Validator containers are stage-agnostic: the same container image is deployed to dev, staging, and prod. All stage-specific configuration is passed at runtime, not build time.

What's baked into the container (build time)

Nothing stage-specific. The container includes:

  • EnergyPlus binary (or FMU runtime)
  • Python dependencies
  • Validator code

What's passed at runtime (job execution)

When Django triggers a validator Cloud Run Job execution, it passes:

Source Data Example
VALIDIBOT_INPUT_URI env var GCS path to input envelope gs://$GCP_APP_NAME-storage-dev/private/runs/run456/input.json
Input envelope context.callback_url https://$GCP_APP_NAME-worker-dev-xxx.run.app/api/v1/validation-callbacks/
Input envelope context.execution_bundle_uri gs://$GCP_APP_NAME-storage-dev/private/runs/run456/
Input envelope Input file URIs (IDF, EPW, etc.) gs://$GCP_APP_NAME-storage-dev/private/runs/run456/model.idf

The validator reads the input envelope, downloads files from the provided GCS URIs, runs the simulation, uploads outputs to the execution bundle URI, and POSTs results to the callback URL.

Stage isolation

Stage isolation is enforced by:

  1. Django creates envelopes with stage-appropriate bucket names and callback URLs
  2. Service accounts - each stage's validator job uses a stage-specific SA that only has access to its own buckets
  3. GCS bucket permissions - $GCP_APP_NAME-cloudrun-dev can only access $GCP_APP_NAME-storage-dev, not prod buckets

Deploy-time environment variables

The only env vars set at deploy time are for observability:

VALIDATOR_VERSION=<git_sha>   # For version tracking in logs
VALIDIBOT_STAGE=dev           # For log filtering (doesn't affect behavior)
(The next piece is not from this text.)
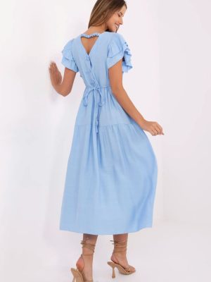 Ένα κομψό και γυναικείο καλοκαιρινό φόρεμα με φαρδιά γραμμή είναι μια εξαιρετική πρόταση για καθημερινή χρήση καθώς και για τη δουλειά. Κατασκευασμένο από ελαφρύ και αεριζόμενο μείγμα βισκόζης και νάιλον, εξασφαλίζει άνεση κατά τη διάρκεια ακόμα και των πιο ζεστών ημερών. Το μοντέλο με μήκος μίντι κάθεται όμορφα πάνω στη σιλουέτα, ενώ η ζώνη στη μέση επιτρέπει μια διακριτική ανάδειξη της μέσης. Το λείο ύφασμα δίνει στο φόρεμα έναν καθολικό, κομψό χαρακτήρα, κάνοντάς το εύκολο να το συνδυάσετε με διάφορες στυλιστικές επιλογές. Το κοντό μανίκι σε σχήμα φαλνέτας προσθέτει ελαφρότητα και ρομαντική γοητεία, ενώ η σχήματος V λαιμόκοψη οπτικά επιμηκύνει το λαιμό και προσθέτει θηλυκότητα. Το φόρεμα κλείνει με κουμπιά στο πίσω μέρος, που αποτελεί στυλιστική λεπτομέρεια και διευκολύνει την τοποθέτηση. Είναι μια ιδανική πρόταση για γυναίκες που εκτιμούν την άνεση, την κομψότητα και τη λειτουργικότητα, τόσο σε καθημερινές υποχρεώσεις όσο και κατά τις ήσυχες καλοκαιρινές μέρες.

These don't affect which buckets or URLs are used - that's all driven by the input envelope.

Implications

  • One build, deploy everywhere: Build once with just validator-build energyplus, then deploy to any stage
  • No secrets in containers: Validators use ADC (Application Default Credentials) from the attached service account
  • Safe rollbacks: Rolling back a validator version doesn't affect stage isolation

Lost Callback Recovery

If a Cloud Run Job completes but its callback never reaches Django (network failure, container crash before POST, Cloud Run retry exhaustion), the run gets stuck in RUNNING status. The cleanup_stuck_runs management command handles this:

  1. The command runs every 10 minutes via Cloud Scheduler
  2. It finds runs stuck in RUNNING past the timeout threshold (default: 30 minutes)
  3. For GCP runs, it looks for execution_name in step_run.output (stored by the launcher at job trigger time)
  4. It queries the Cloud Run Jobs API to check the actual execution status
  5. If the job succeeded, it constructs a synthetic callback and processes it through ValidationCallbackService, recovering the full validation results
  6. If the job failed, it marks the run as FAILED with the Cloud Run error
  7. If the job is still running, it skips the run (no false timeout)
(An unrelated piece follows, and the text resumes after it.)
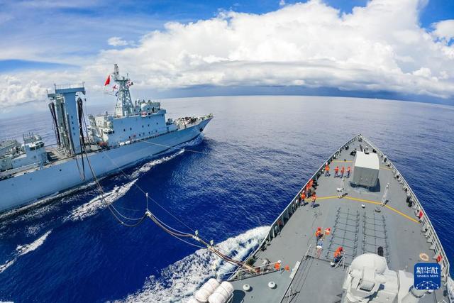中國海軍第40批護航編隊駱馬湖艦(左)通過橫向補給方式為呼和浩特艦進行補給(1月22日攝)。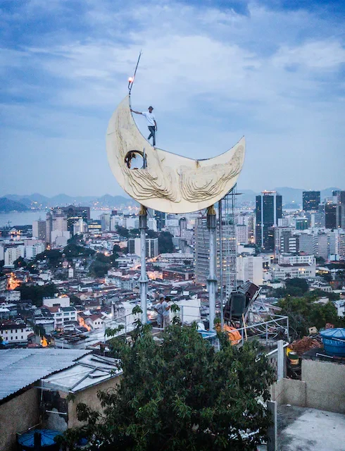 브라질 리우데자네이루, 가장 오래된 빈민가의 꼭대기에 달이 떠있다. 2009년 Casa Amarela(Yellow House)의 개조가 시작했던듯싶다. 조금 더 명확하게 알아봐야 하겠지만, 정말 위험한 지역이었다고 한다. 그 꼭대기에 있는 집을 한채 구입하여 아무거나 가져다가 집을 꾸미기 시작했다. 노란 페인트를 칠해 노란 집, 이라는 이름이 붙었다. 그리고 그 위로 달을 올렸는데, 그 달 안으로는 공간이 있다. 잠을 잘 수 있거나 클래스룸으로 쓸 수 있다고 하는 것 같았다. 개조 후 지역에 기부를 했단다.

Where execution metadata is stored

When the GCP backend triggers a Cloud Run Job, the launcher stores execution metadata in result.stats:

stats = {
    "job_status": "PENDING",
    "job_name": "validibot-validator-energyplus",
    "execution_name": "projects/p/locations/r/jobs/j/executions/e",
    "input_uri": "gs://bucket/runs/org/run-id/input.json",
    "execution_bundle_uri": "gs://bucket/runs/org/run-id",
}

The step orchestrator persists these stats into step_run.output, making them available for later reconciliation.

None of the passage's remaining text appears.